Source data
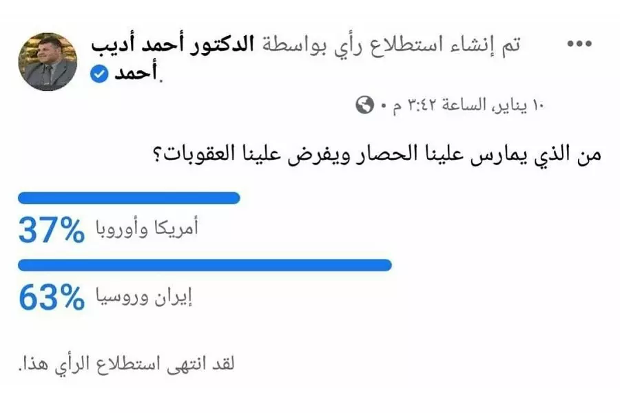 نتيجة صادمة دفعته لمخاطبة "روسيا وإيران" .. استطلاع رأي لـ"باحث علوي" .. "من يمارس علينا الحصار"؟!
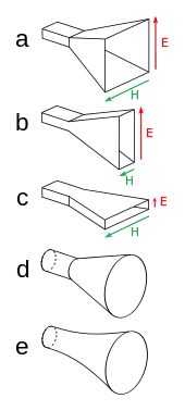 برای بهبود این ویژگیهای نامطلوب ، انتهای موجبر به سمت بیرون میآید و آنتن شکل میگیرد. بخش باریک آنتن، امپدانس را تدریجاً در امتداد طول آنتن تغییر میدهد.
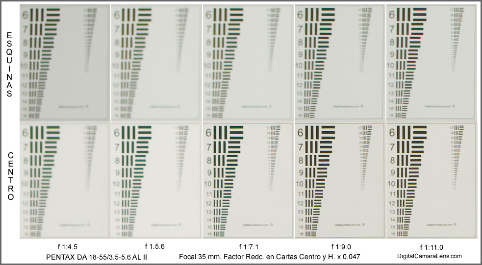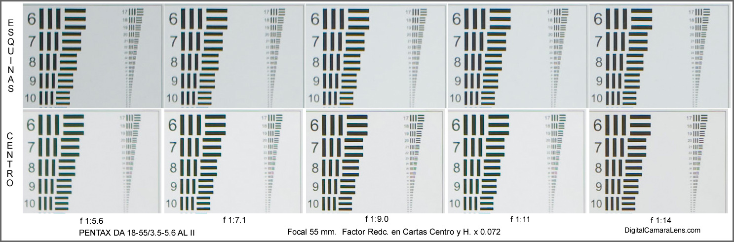 mm. el contraste en esquinas baja de forma apreciable quedando en los 55
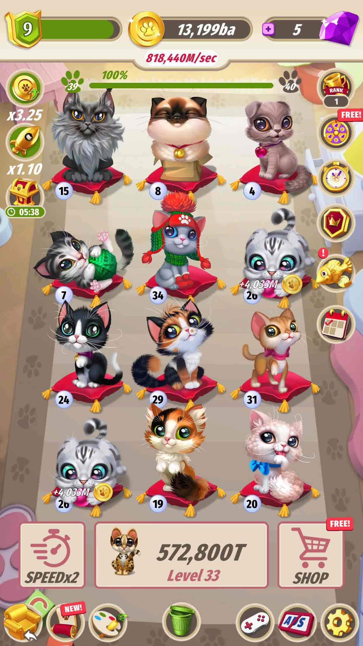 2、当小猫咪的级数达到一定等级后,就能够进行合并了,有机会产生出稀有品种哦。
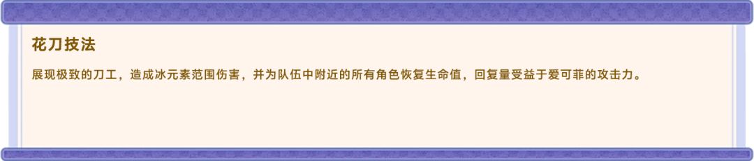 爱可菲的治疗手段主要由【元素爆发:花刀技法】与其【天赋:美食胜过良药】构成:
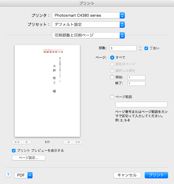 - [プリント]ダイアログボックスが表示されたら、設定内容を確認または変更して[プリント]ボタンをクリックします。
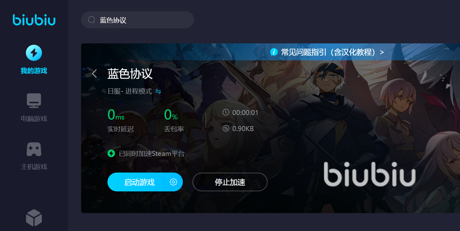 用戶只需要注冊(cè)登錄并且完成實(shí)名,在首頁上搜索“藍(lán)色協(xié)議”,即可看到PC游戲欄的游戲,點(diǎn)擊添加到“我的游戲”一鍵加速啟動(dòng),同時(shí)加速steam平臺(tái),看到每秒的延遲率與丟包率,加速效果看得見。
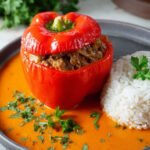Diese gefüllten Paprikaschoten präsentieren sich als herzhaftes und farbenfrohes Gericht. Eine leuchtend rote Paprikaschote wird mit einer würzigen Füllung aus saftigem Rinderhackfleisch, Reis und aromatischen Gewürzen zubereitet. Die Paprika wird zart gegart, wodurch sie eine weiche Textur erhält, die perfekt mit der reichhaltigen Füllung harmoniert. Serviert wird sie in einer cremigen, tomatenbasierten Soße, die mit frischer Petersilie verfeinert ist und von lockerem Reis begleitet wird. Ein klassisches Gericht, das sowohl wärmend als auch sättigend ist.

Description of the task: Retype each line of the records exactly as it reads; no pictures belong in the copy.

Written response:
 نتيجة صادمة دفعته لمخاطبة "روسيا وإيران" .. استطلاع رأي لـ"باحث علوي" .. "من يمارس علينا الحصار"؟!
 برای بهبود این ویژگیهای نامطلوب ، انتهای موجبر به سمت بیرون میآید و آنتن شکل میگیرد. بخش باریک آنتن، امپدانس را تدریجاً در امتداد طول آنتن تغییر میدهد.
 mm. el contraste en esquinas baja de forma apreciable quedando en los 55
 2、当小猫咪的级数达到一定等级后,就能够进行合并了,有机会产生出稀有品种哦。
 爱可菲的治疗手段主要由【元素爆发:花刀技法】与其【天赋:美食胜过良药】构成:
 - [プリント]ダイアログボックスが表示されたら、設定内容を確認または変更して[プリント]ボタンをクリックします。
 用戶只需要注冊(cè)登錄并且完成實(shí)名,在首頁上搜索“藍(lán)色協(xié)議”,即可看到PC游戲欄的游戲,點(diǎn)擊添加到“我的游戲”一鍵加速啟動(dòng),同時(shí)加速steam平臺(tái),看到每秒的延遲率與丟包率,加速效果看得見。
Diese gefüllten Paprikaschoten präsentieren sich als herzhaftes und farbenfrohes Gericht. Eine leuchtend rote Paprikaschote wird mit einer würzigen Füllung aus saftigem Rinderhackfleisch, Reis und aromatischen Gewürzen zubereitet. Die Paprika wird zart gegart, wodurch sie eine weiche Textur erhält, die perfekt mit der reichhaltigen Füllung harmoniert. Serviert wird sie in einer cremigen, tomatenbasierten Soße, die mit frischer Petersilie verfeinert ist und von lockerem Reis begleitet wird. Ein klassisches Gericht, das sowohl wärmend als auch sättigend ist.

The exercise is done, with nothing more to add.